# [Problem to work on]
Only the lines from the start of the data through the line with "Chinese pairs take" belong in the copy. Restate them word for word, minus the pictures.

Records contained in a dataset
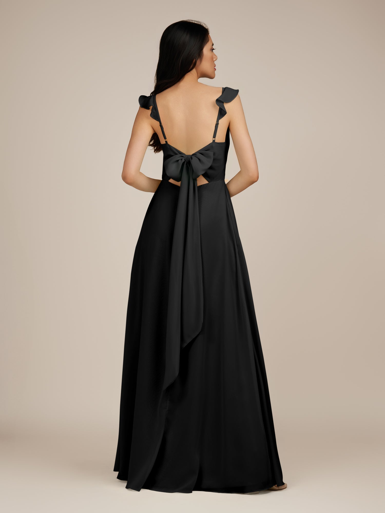Citrine is a graceful and stylish choice for your bridal party. Crafted from soft chiffon, she features a flattering V-neckline and a sleeveless bodice for a modern, elegant look. Her floor-length A-line skirt flows beautifully with every step, accented by delicate ruffles and a subtle side slit for added movement and charm. Finished with a smooth zipper back, Citrine blends timeless sophistication with contemporary style, perfect for weddings and special occasions.
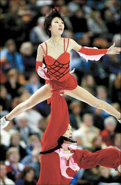 Chinese pairs take skating honours ( 2004-01-26 09:32) (Agencies) China's Pang Qing and Tong Jian won the pairs free skate on Saturday to claim the overall pairs title at the International Skating Union Four Continents Figure Skating Championships. China's Zhang Dan and Zhang Hao settled for second while Canada's Valerie Marcoux and Craig Buntin took third, both repeating their placings from the earlier short programme behind the Chinese champions.
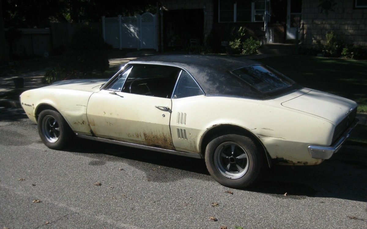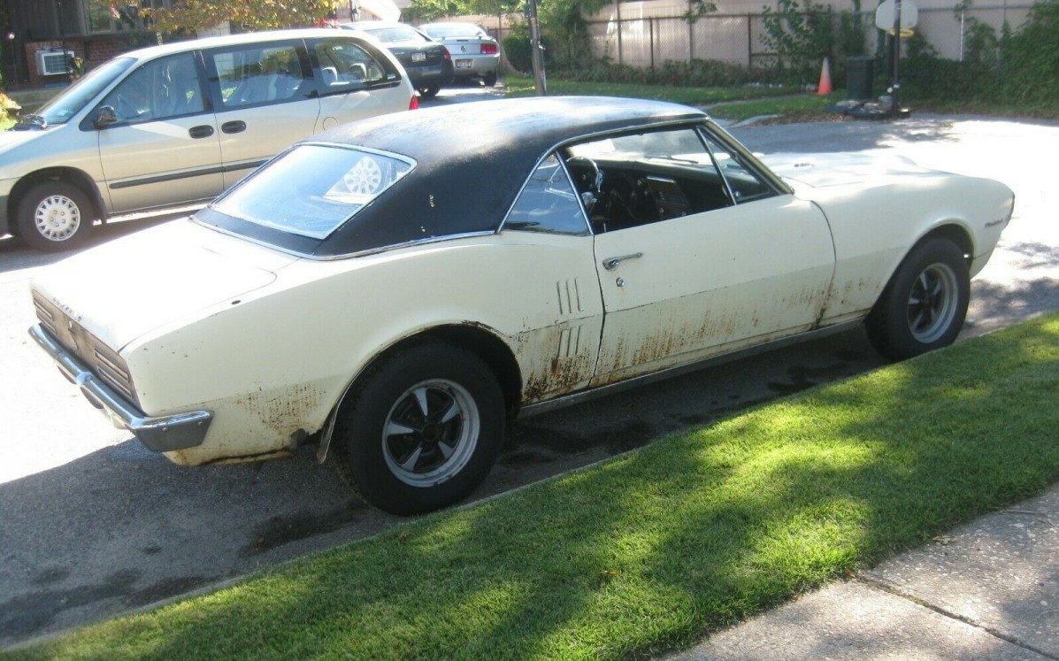 Amazing condition for that interior given the rest of the car! This is the sort of used Firebird I would see all through the late 70s and early 80s. The yellow with black vinyl top would keep the lead foots away unless you budgeted for a repaint. Now in 2020 this combo seems quaint in a 1967 sort of way. I would like to see trunk photos and for the seller to pull up the carpet.
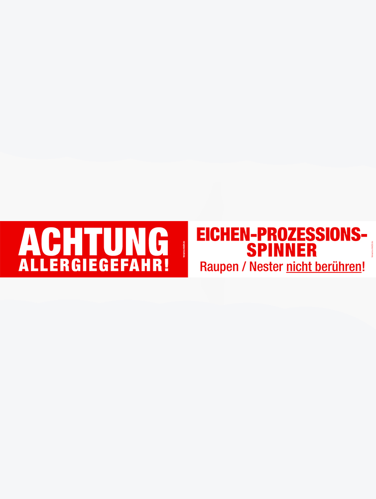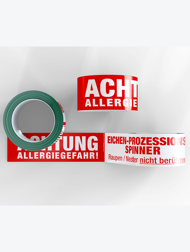 Absperrband/Flatterband zur Warnung vor dem Eichenprozessionsspinner. Die reißfesten und lichtechten Flatterbänder eignen sich zu deutlich sichtbaren Absperrungen von Gefahrenbereichen (weißes PVC-Band, mit rotem Aufdruck).
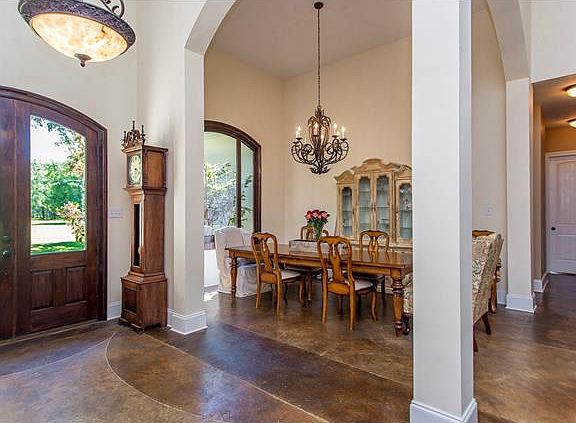 Room For All! Make your family comfortable in this 3-bedroom/2.5-bath home on 1.34 acres. Has a master suite with gas fireplace, separate shower, dual sinks, soaking tub, welcoming living room with wet bar, stained concrete floors, wood-burning fireplace for winter days, distinguished dining room, inviting kitchen with breakfast bar for midnight snacks, breakfast area, walk-in pantry, appliances included, granite counter-tops, home office for paying bills. This home is a must see!
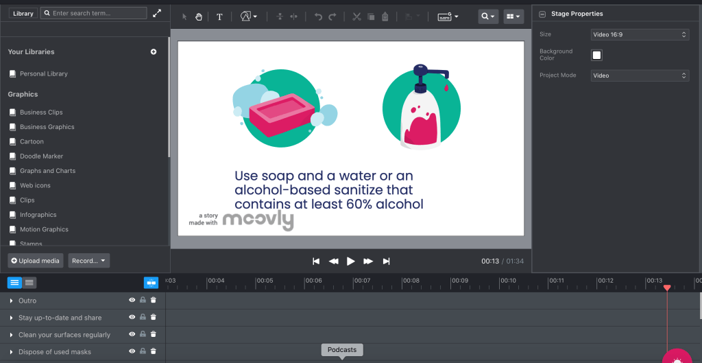 For this project I created a video to explain the best social and behavioral practices to minimize the spread of COVID-19. I am a novice video creator so I used the site Moovly which provides templates for beginners. I selected the templates I wanted to use and I chose this one because it was the most concise. I then updated it with the specific tips I wanted to convey and I added this website link and my club’s logo at the end of the video. The experience was a bit liberating as it allowed me to explore innovative ways to communicate healthcare information.
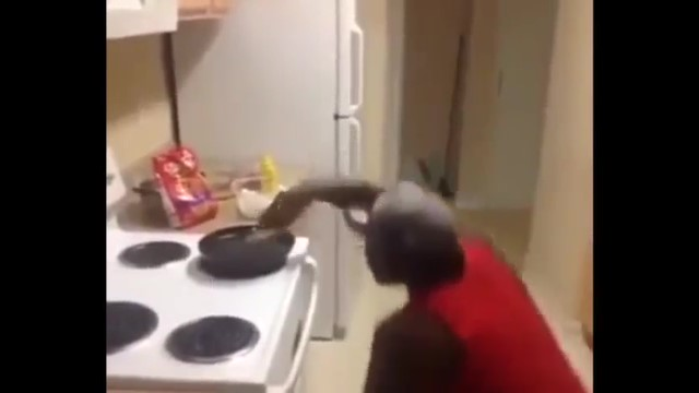 Trông bề ngoài mạnh mẽ nhưng khi vào bếp, anh chàng trong clip lại tỏ ra yếu đuối và dễ sợ hãi lạ thường.
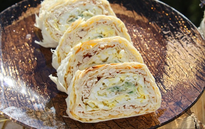 Рулет из лаваша с курицей, сыром и соленым огурчиком
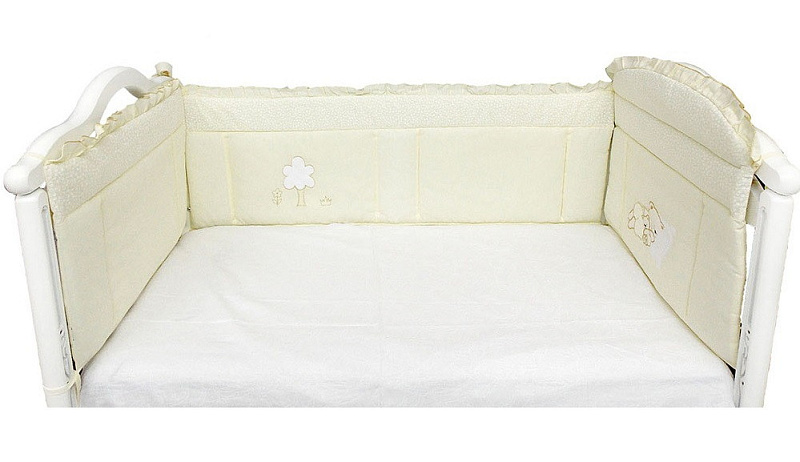 Бортик из 4 частей идеально подойдет для классической кроватки. Выполнен из бязи - это плотная хлопчатобумажная ткань, мягкая на ощупь. Она обладает высокой износостойкостью и прекрасно стирается. Бортик в кроватку выполнен из высококачественных материалов. Бортик защитит малыша от сквозняков. А когда ребенок подрастет и начнет вставать самостоятельно - защитит от ударов при возможных падениях.
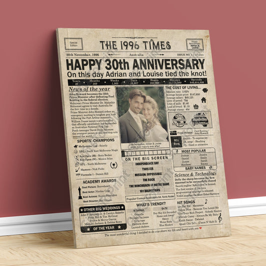 Personalised 30th Anniversary Gift: A Printable AUSTRALIAN Newspaper Poster of 1996

# [Exercise answer]
Citrine is a graceful and stylish choice for your bridal party. Crafted from soft chiffon, she features a flattering V-neckline and a sleeveless bodice for a modern, elegant look. Her floor-length A-line skirt flows beautifully with every step, accented by delicate ruffles and a subtle side slit for added movement and charm. Finished with a smooth zipper back, Citrine blends timeless sophistication with contemporary style, perfect for weddings and special occasions.
 Chinese pairs take skating honours ( 2004-01-26 09:32) (Agencies) China's Pang Qing and Tong Jian won the pairs free skate on Saturday to claim the overall pairs title at the International Skating Union Four Continents Figure Skating Championships. China's Zhang Dan and Zhang Hao settled for second while Canada's Valerie Marcoux and Craig Buntin took third, both repeating their placings from the earlier short programme behind the Chinese champions.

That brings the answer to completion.